:: WHAT YOU HAVE TO DO ::
Would you please transcribe the records below exactly, leaving out the pictures?

----

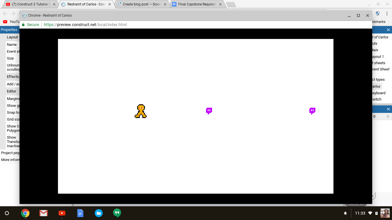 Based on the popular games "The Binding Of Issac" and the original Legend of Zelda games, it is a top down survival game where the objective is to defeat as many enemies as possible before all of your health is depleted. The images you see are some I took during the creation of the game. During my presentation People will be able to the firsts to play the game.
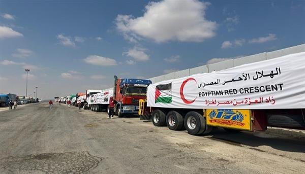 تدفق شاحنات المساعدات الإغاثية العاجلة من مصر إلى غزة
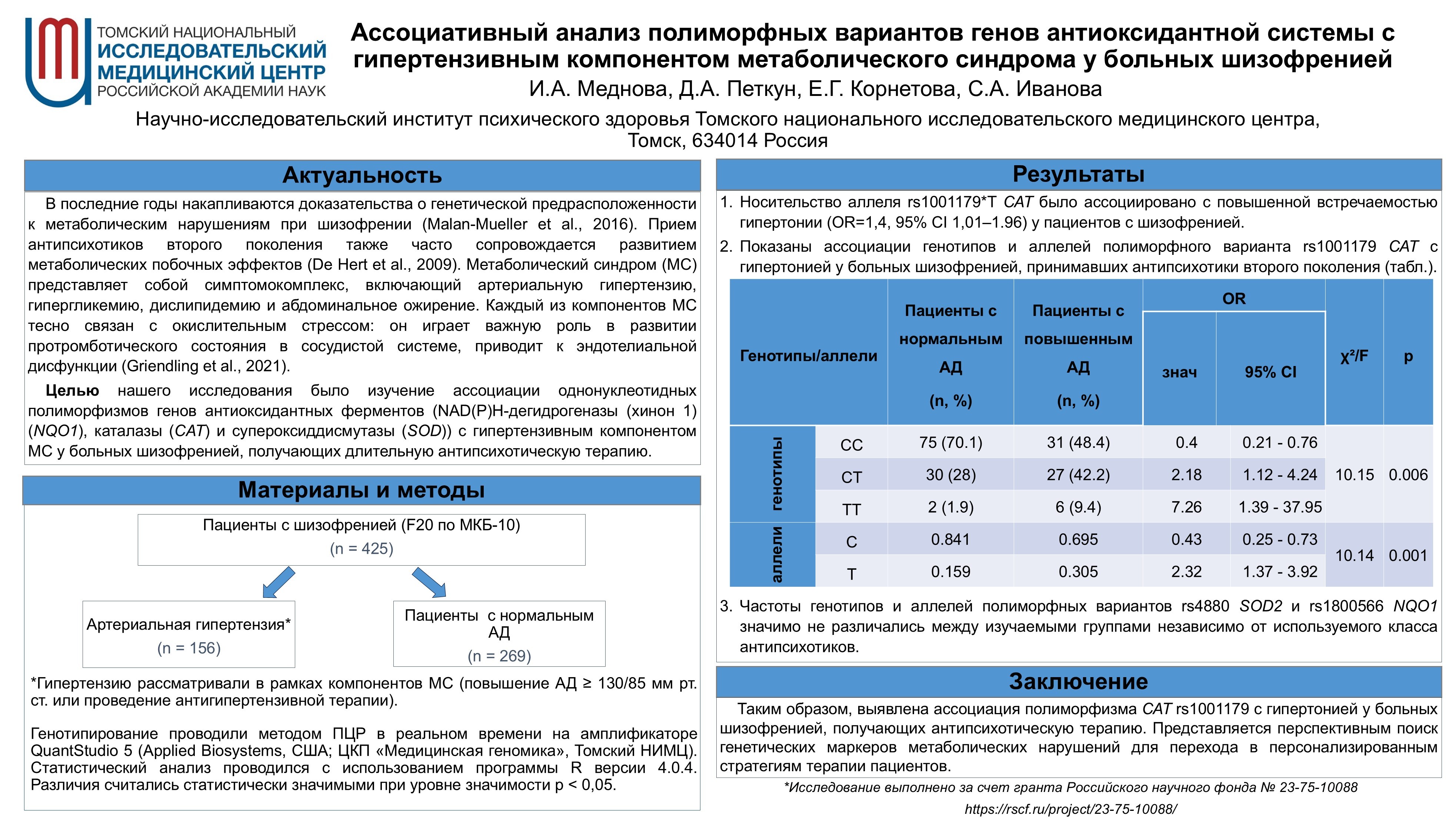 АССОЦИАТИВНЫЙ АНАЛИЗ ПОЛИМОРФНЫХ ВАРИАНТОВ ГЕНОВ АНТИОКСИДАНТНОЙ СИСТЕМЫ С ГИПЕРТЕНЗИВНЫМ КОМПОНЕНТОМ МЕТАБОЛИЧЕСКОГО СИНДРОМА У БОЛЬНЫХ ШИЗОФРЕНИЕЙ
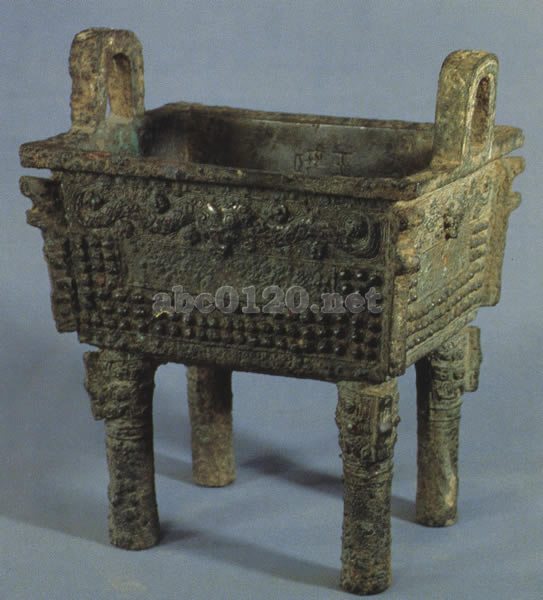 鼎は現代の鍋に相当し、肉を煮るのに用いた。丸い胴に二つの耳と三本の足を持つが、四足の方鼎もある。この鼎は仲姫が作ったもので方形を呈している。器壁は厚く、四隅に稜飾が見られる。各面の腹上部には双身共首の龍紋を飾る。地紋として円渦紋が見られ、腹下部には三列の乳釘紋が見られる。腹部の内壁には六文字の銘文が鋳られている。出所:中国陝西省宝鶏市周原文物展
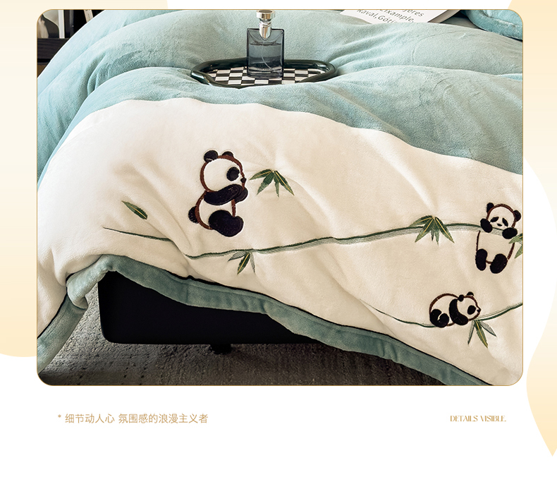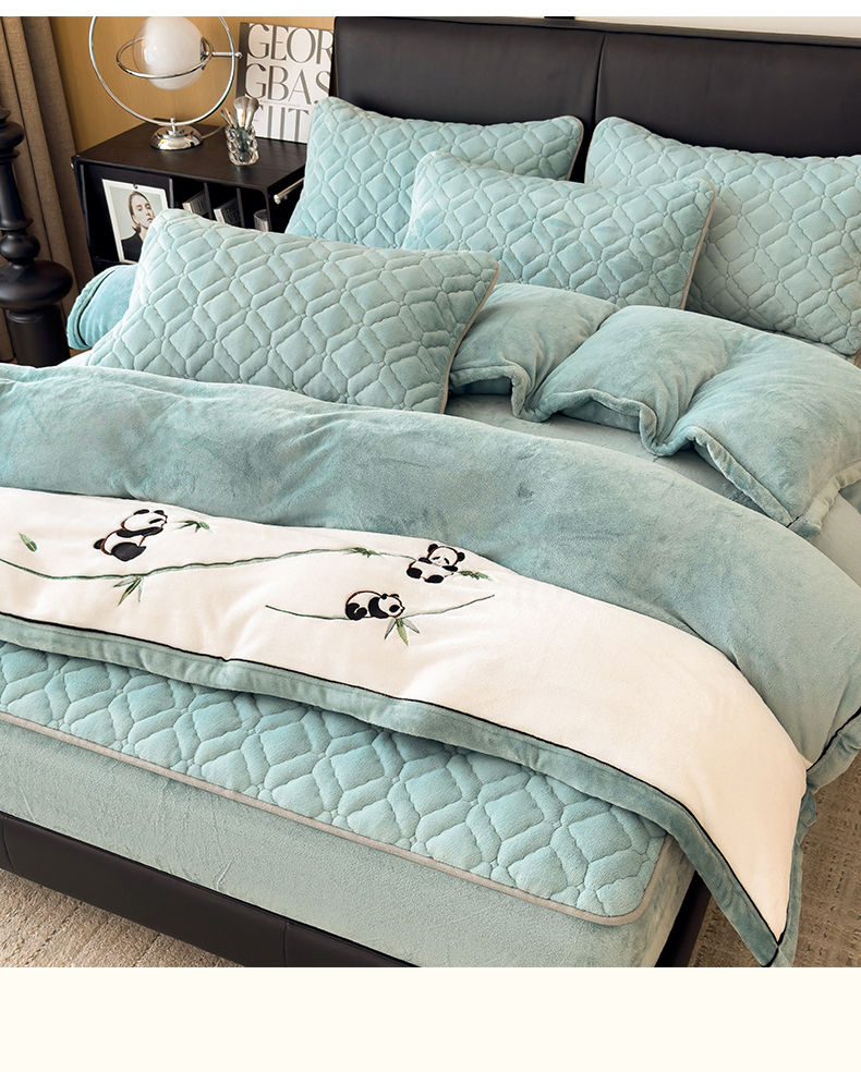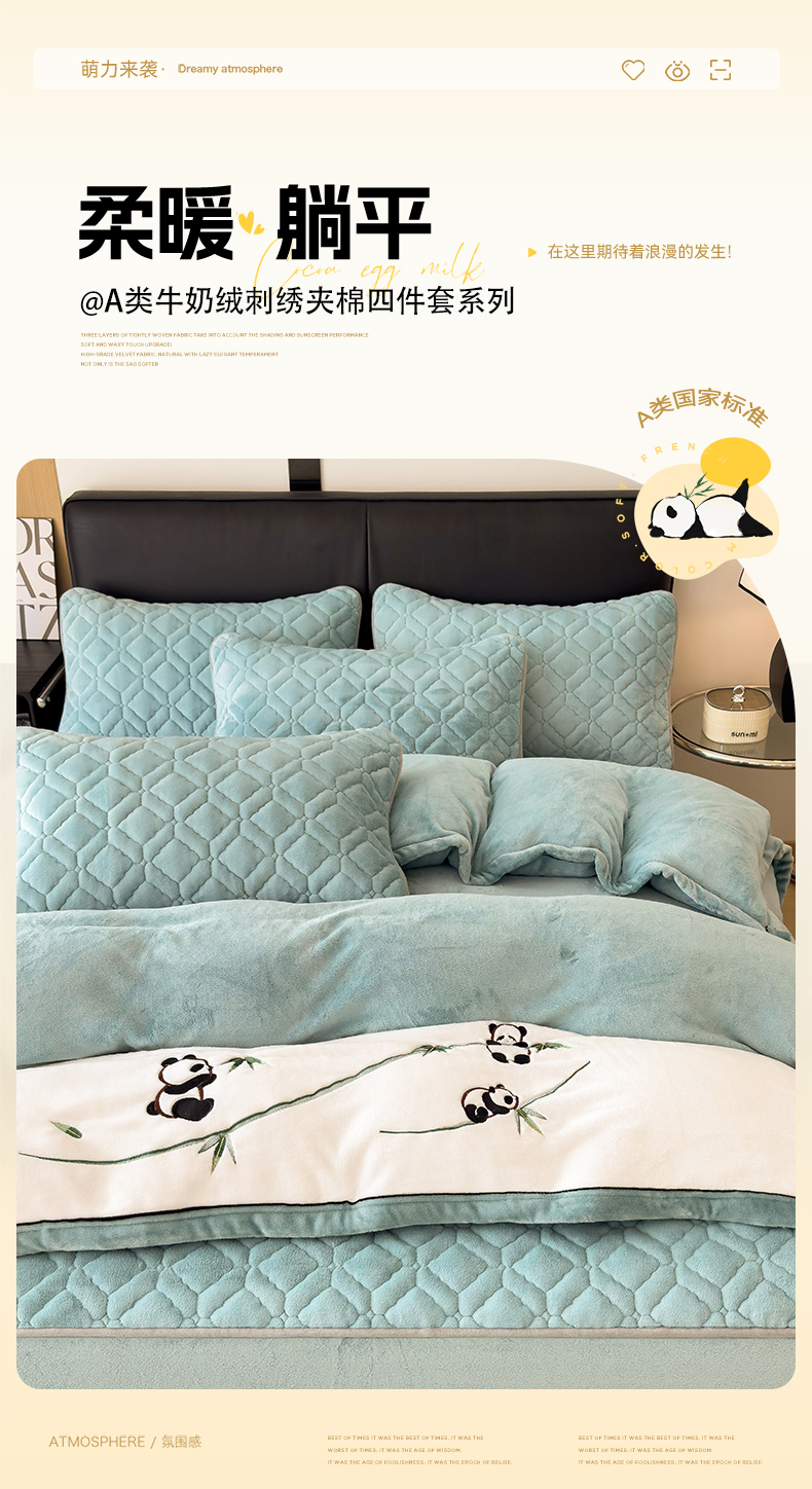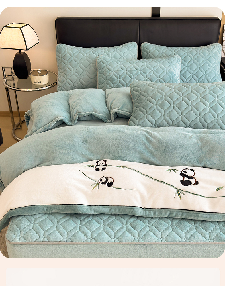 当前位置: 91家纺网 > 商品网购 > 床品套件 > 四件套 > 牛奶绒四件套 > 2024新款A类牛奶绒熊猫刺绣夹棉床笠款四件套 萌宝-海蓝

----

:: EXERCISE SOLUTION ::
 Based on the popular games "The Binding Of Issac" and the original Legend of Zelda games, it is a top down survival game where the objective is to defeat as many enemies as possible before all of your health is depleted. The images you see are some I took during the creation of the game. During my presentation People will be able to the firsts to play the game.
 تدفق شاحنات المساعدات الإغاثية العاجلة من مصر إلى غزة
 АССОЦИАТИВНЫЙ АНАЛИЗ ПОЛИМОРФНЫХ ВАРИАНТОВ ГЕНОВ АНТИОКСИДАНТНОЙ СИСТЕМЫ С ГИПЕРТЕНЗИВНЫМ КОМПОНЕНТОМ МЕТАБОЛИЧЕСКОГО СИНДРОМА У БОЛЬНЫХ ШИЗОФРЕНИЕЙ
 鼎は現代の鍋に相当し、肉を煮るのに用いた。丸い胴に二つの耳と三本の足を持つが、四足の方鼎もある。この鼎は仲姫が作ったもので方形を呈している。器壁は厚く、四隅に稜飾が見られる。各面の腹上部には双身共首の龍紋を飾る。地紋として円渦紋が見られ、腹下部には三列の乳釘紋が見られる。腹部の内壁には六文字の銘文が鋳られている。出所:中国陝西省宝鶏市周原文物展
 当前位置: 91家纺网 > 商品网购 > 床品套件 > 四件套 > 牛奶绒四件套 > 2024新款A类牛奶绒熊猫刺绣夹棉床笠款四件套 萌宝-海蓝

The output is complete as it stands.